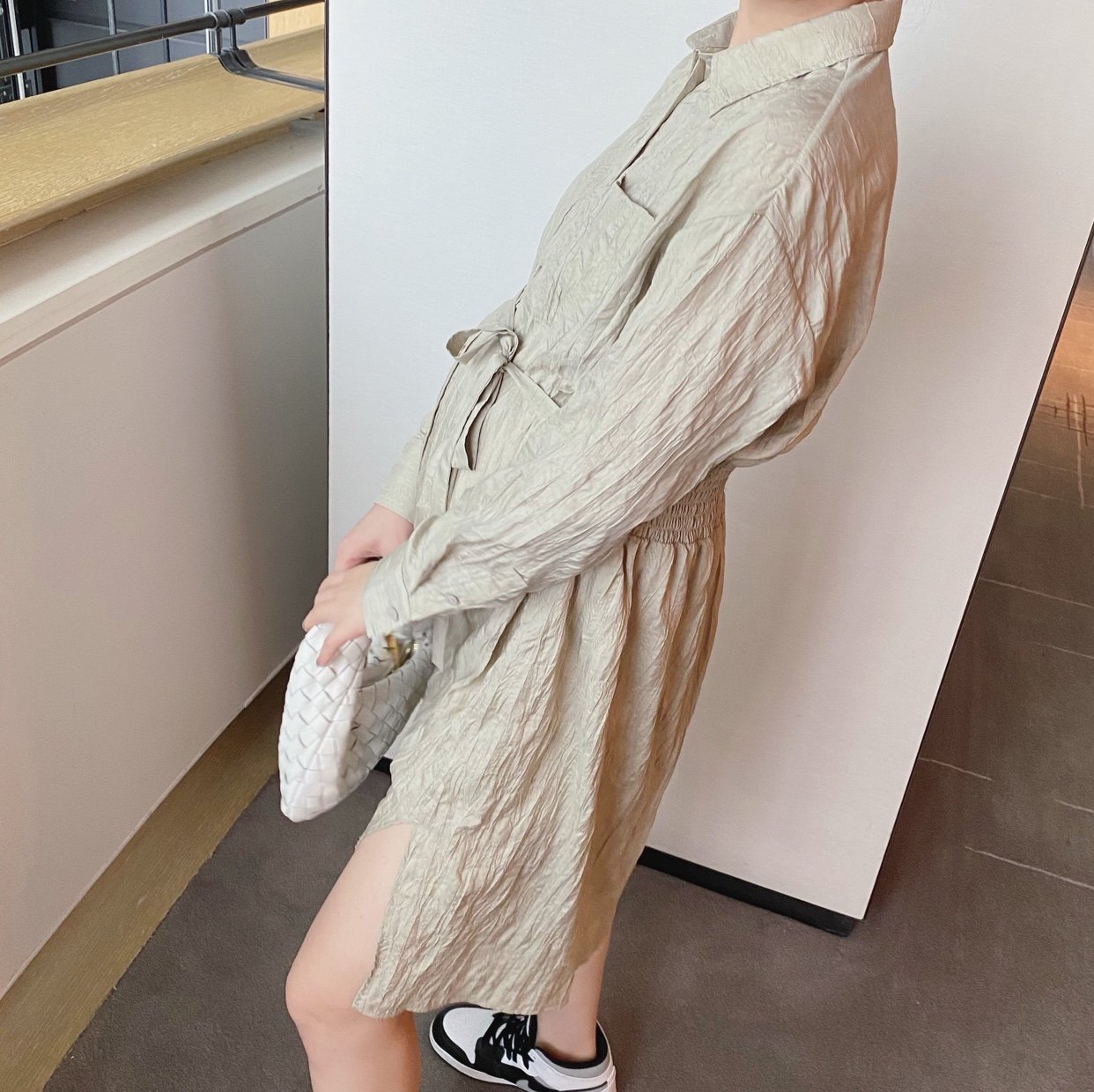 LeoMami 孕妇春装连衣裙时尚款褶皱设计感纯棉收腰系带裙子孕装潮
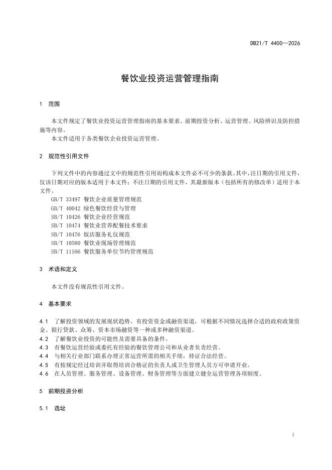 DB21/T 4400-2026 餐饮业投资运营管理指南
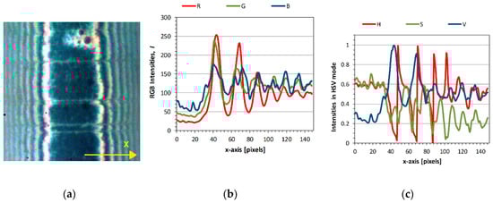 (a) Interferogram; (b) corresponding RGB and (c) HSV components on x-axis.
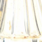 French Art Deco small clear glass ribbed perfume bottle (INTOXICATION by D'ORSAY) with a star-shaped base tapering into a narrow neck and a matching stopper..
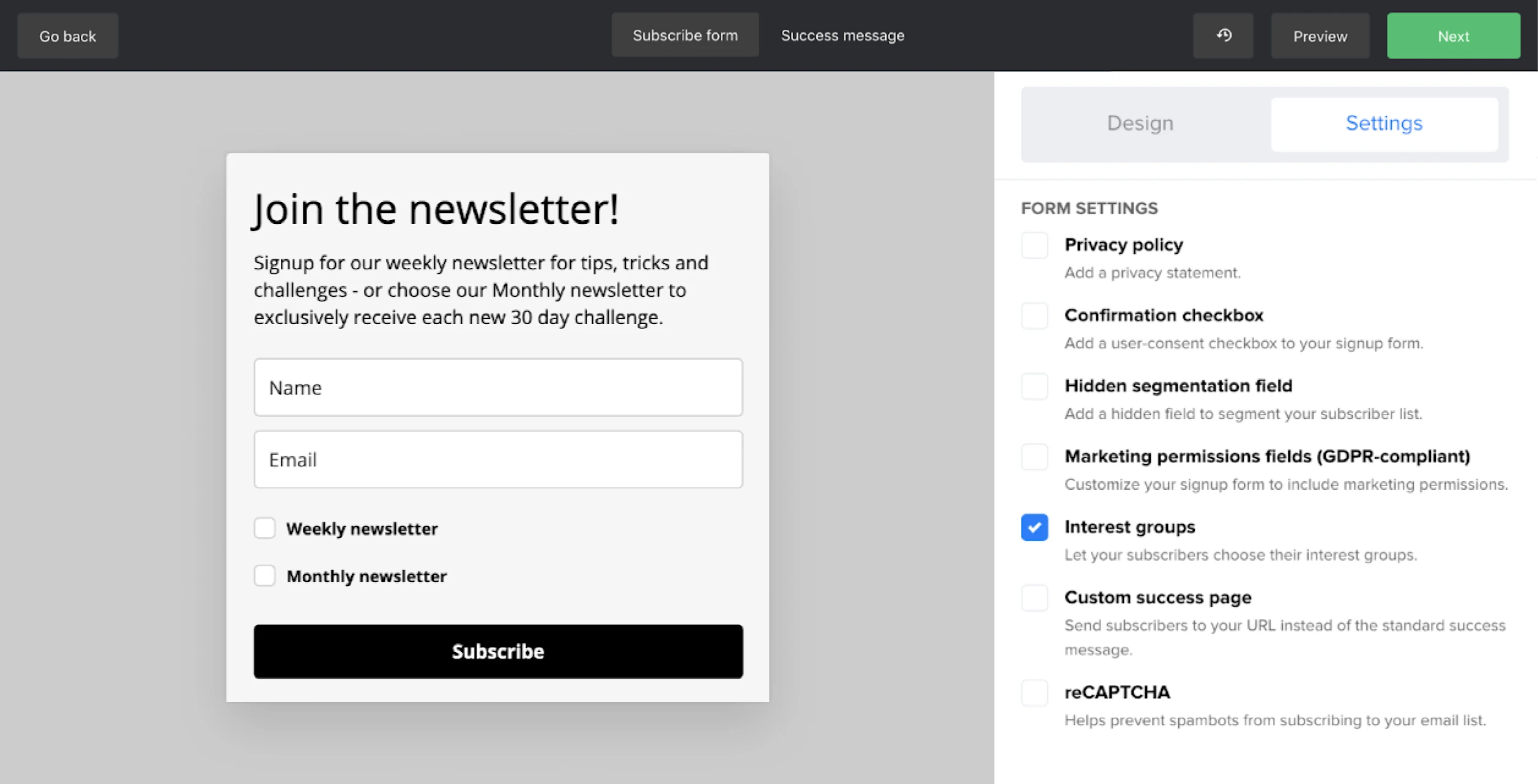 Utiliza grupos de interés en formularios para segmentar a los nuevos suscriptores, de modo que puedas enviarles contenido relevante del que es poco probable que se den de baja.
:::
## Work order
Range to copy from the records above: the line containing "(a) Interferogram; (b)" to the line containing "French Art Deco", both included. Output those lines exactly and only those, skipping pictures.

## Exercise output
 (a) Interferogram; (b) corresponding RGB and (c) HSV components on x-axis.
 French Art Deco small clear glass ribbed perfume bottle (INTOXICATION by D'ORSAY) with a star-shaped base tapering into a narrow neck and a matching stopper..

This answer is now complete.